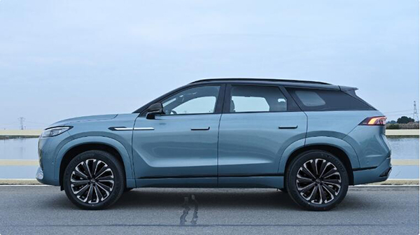 車身頂部和車窗處采用了熏黑裝飾,雙色車身設計非常醒目。此外,隱藏式門把手設計,主流高端。20寸大輪轂搭配米其林輪胎,兼具美感、靜音與性能三重優勢。
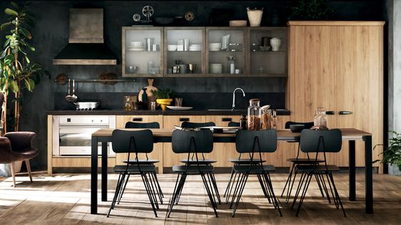 Последнее, что нужно адаптировать к стилю лофт на кухне, - это наушники. Цвет и материал фасадов мдф, отделка, наполнение фурнитурой - можно, экспериментов с мебелью - нет.
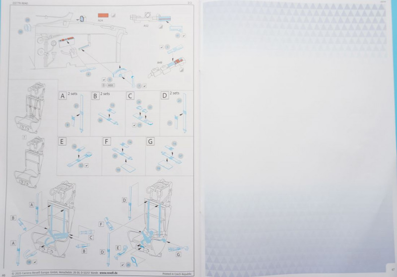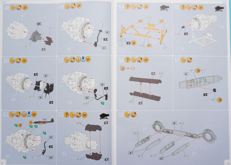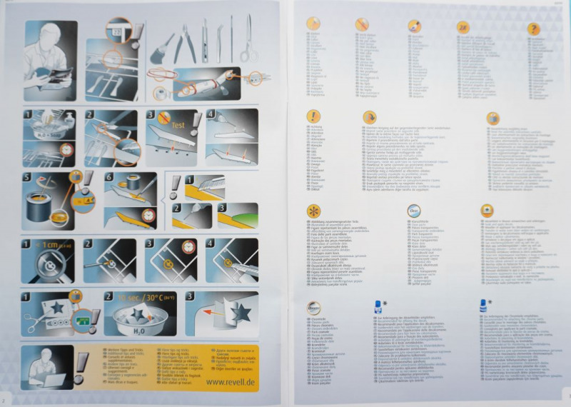 Bloß nicht abheben!Puh, das sind wirklich überbordende Zeilen, bei gleichzeitig sehr wenig Informationsgehalt. Weder der Text auf der Revell-Website noch die dem Kit beiliegende Bauanleitung gehen näher auf die relevanten Besonderheiten oder geschichtlichen Aspekte des ikonischen Originals ein, und auch flugzeugtechnische Daten zum Original fehlen gänzlich. Und was ist eigentlich mit "Zusätzliche Teile für den Zubehörmarkt" gemeint, die in der Bausatzbeschreibung hervorgehoben werden? Vielleicht die Möglichkeiten des Bausatzes, ein Motorensegment des Triebwerks samt Transportgestell einzeln darzustellen, und eine der Triebwerkverkleidungen beziehungsweise die beidseitigen Kanonenverkleidungen zu öffnen, um auf ein Triebwerk beziehungsweise die Bordkanonen zu blicken? Rätselhaft... Aber die spannendste Frage ist: kann das Modell diesem übertrieben klingenden Lobgesang entsprechen? Hat es denn wirklich Potential dazu, "weltweit begehrt" zu werden? Wir werden sehen.
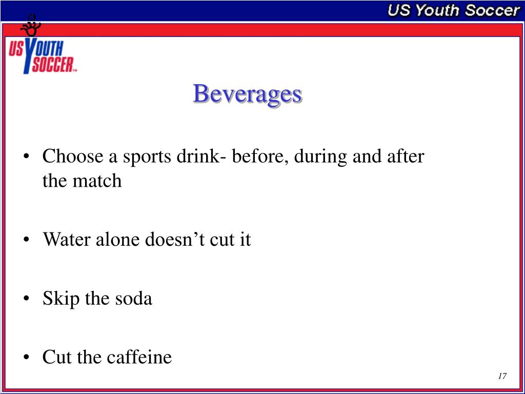 Beverages • Choose a sports drink- before, during and after the match • Water alone doesn’t cut it • Skip the soda • Cut the caffeine
⁂
With the pictures omitted, the material is to be transcribed exactly.

 車身頂部和車窗處采用了熏黑裝飾,雙色車身設計非常醒目。此外,隱藏式門把手設計,主流高端。20寸大輪轂搭配米其林輪胎,兼具美感、靜音與性能三重優勢。
 Последнее, что нужно адаптировать к стилю лофт на кухне, - это наушники. Цвет и материал фасадов мдф, отделка, наполнение фурнитурой - можно, экспериментов с мебелью - нет.
 Bloß nicht abheben!Puh, das sind wirklich überbordende Zeilen, bei gleichzeitig sehr wenig Informationsgehalt. Weder der Text auf der Revell-Website noch die dem Kit beiliegende Bauanleitung gehen näher auf die relevanten Besonderheiten oder geschichtlichen Aspekte des ikonischen Originals ein, und auch flugzeugtechnische Daten zum Original fehlen gänzlich. Und was ist eigentlich mit "Zusätzliche Teile für den Zubehörmarkt" gemeint, die in der Bausatzbeschreibung hervorgehoben werden? Vielleicht die Möglichkeiten des Bausatzes, ein Motorensegment des Triebwerks samt Transportgestell einzeln darzustellen, und eine der Triebwerkverkleidungen beziehungsweise die beidseitigen Kanonenverkleidungen zu öffnen, um auf ein Triebwerk beziehungsweise die Bordkanonen zu blicken? Rätselhaft... Aber die spannendste Frage ist: kann das Modell diesem übertrieben klingenden Lobgesang entsprechen? Hat es denn wirklich Potential dazu, "weltweit begehrt" zu werden? Wir werden sehen.
 Beverages • Choose a sports drink- before, during and after the match • Water alone doesn’t cut it • Skip the soda • Cut the caffeine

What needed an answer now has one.